From where I sit, using GB/FB taints your process whereby the higher the GB, the more impact than the higher the FB.
If you create a FB/GB version of PrOps, show your results both way (old Props, new Props) for Frank Thomas and Derek Jeter, and you will see the impact of this bias.
***
I just ran three different regressions, using GB/FB ratio, FB/GB ratio, and GB/(GB+FB) or GB rate. This was ran against GPA on the THT site. (The use of GPA, or OPS, etc, doesn’t really matter.) I used 2004-2006 data of all players with at least 502 PA.
The 2006 Frank Thomas is the most extreme, with a FB/GB of 2.44. His resulting regression yielded results of: .287, .313, .298.
At the other end is the 2004 Ichiro, with a GB/FB of 3.55. His results are: .247, .261, .255.
The sample standard deviations are: .0057, .0072, .0071
In all cases, the mean was .276.
GPA is analogous to batting average. Those are some HUGE differences, don’t you think?
***
The correlation coefficients were (r) were .21, .26, .26. And, it should go without saying, that using FB/(GB+FB) produced the exact same estimated GPA for each player as the GB rate, as well as the exact same r.
Well, JC, rather than refuting my arguments chose to simply refute me! This is my last post there:
=======================================
My post #9 clearly shows that it makes a huge difference for the extreme GB and FB hitters, if you use GB/FB or FB/GB. However, there is no change whatsoever if you use GB/(GB+FB) or FB/(GB+FB).

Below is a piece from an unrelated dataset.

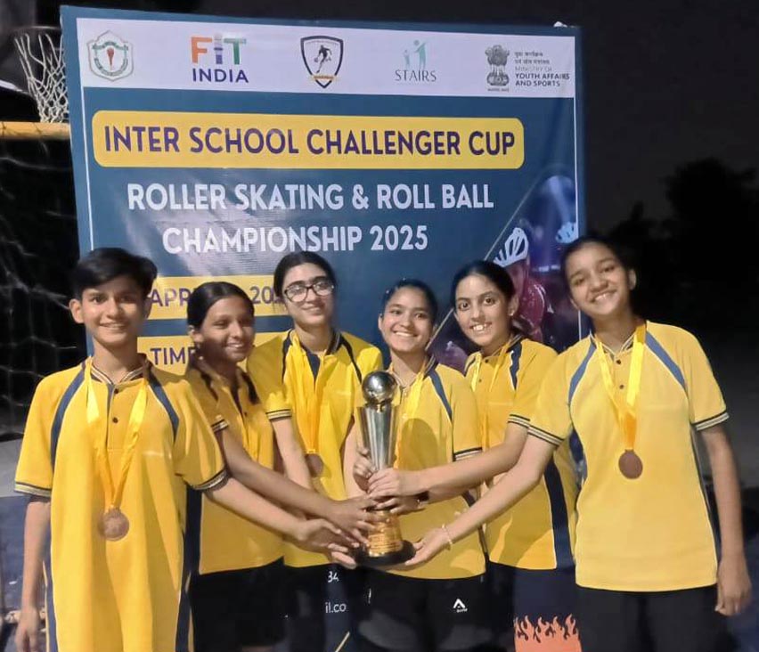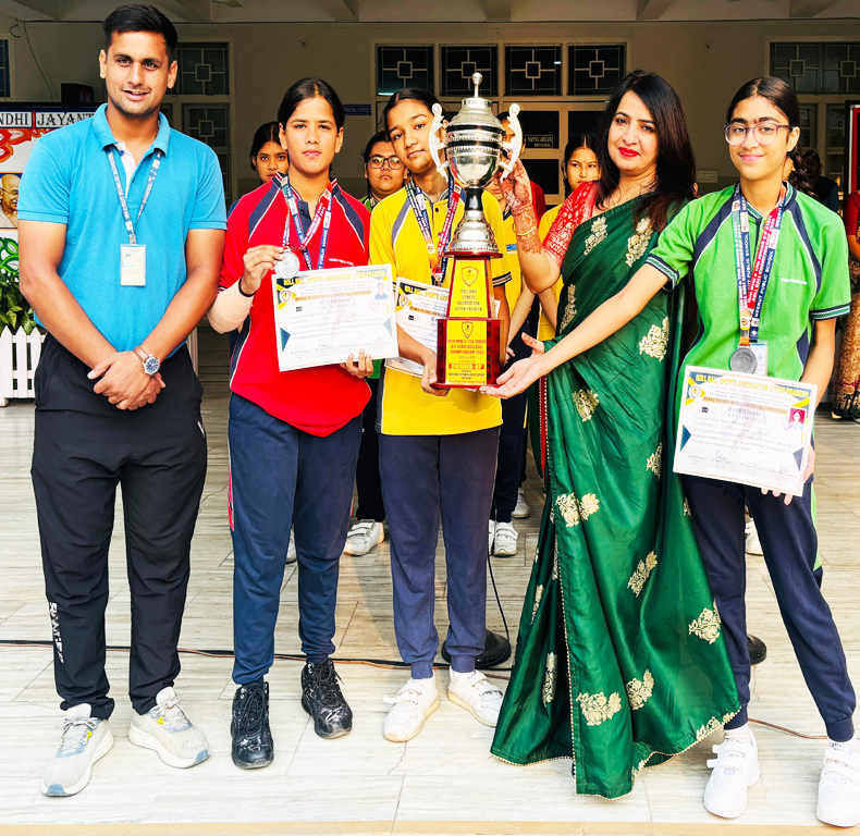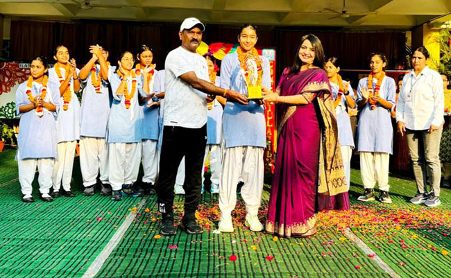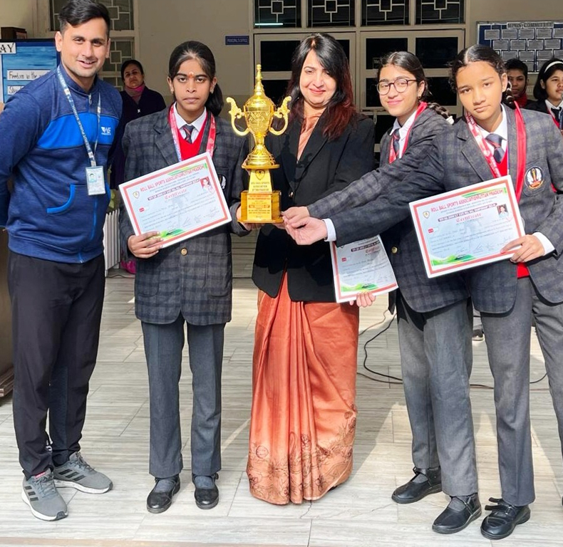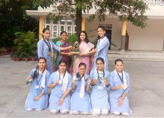 sports-Star Vannya Bhardwaj (VI C), Tanvi Saini (VI D) & Manya Verma(VII E) - The Winners in the 16th Sub- Junior Under 14 Roll Ball State Championship,Agra

There is no justification for using one ratio (GB/FB) over the other (FB/GB), even though they absolutely give you different results. In fact, you are not even justifying it. Just deciding to use it.
There is zero opportunity cost to changing from ratios to rates, since I was able to generate 3 different regression equations in 5 minutes.
Your thread started with a comment about fans being skeptical, and here I am, giving you a thoughtful and legitimate beef, and you are dismissing it with “if you don’t like it, don’t use it”.
======================================
Hey, I know I can be tough, but when I’m right, I’m right. JC is wrong, Clay is wrong (about EqA), Woolner is wrong (about Leverage Index), Forman is wrong about using all those James/Palmer metrics. Heck, I was wrong about BaseRuns, until David finally convinced me to open my eyes.
Either you open your eyes, put your ego to the side, and learn, or remain wrong. My attitude is completely irrelevant.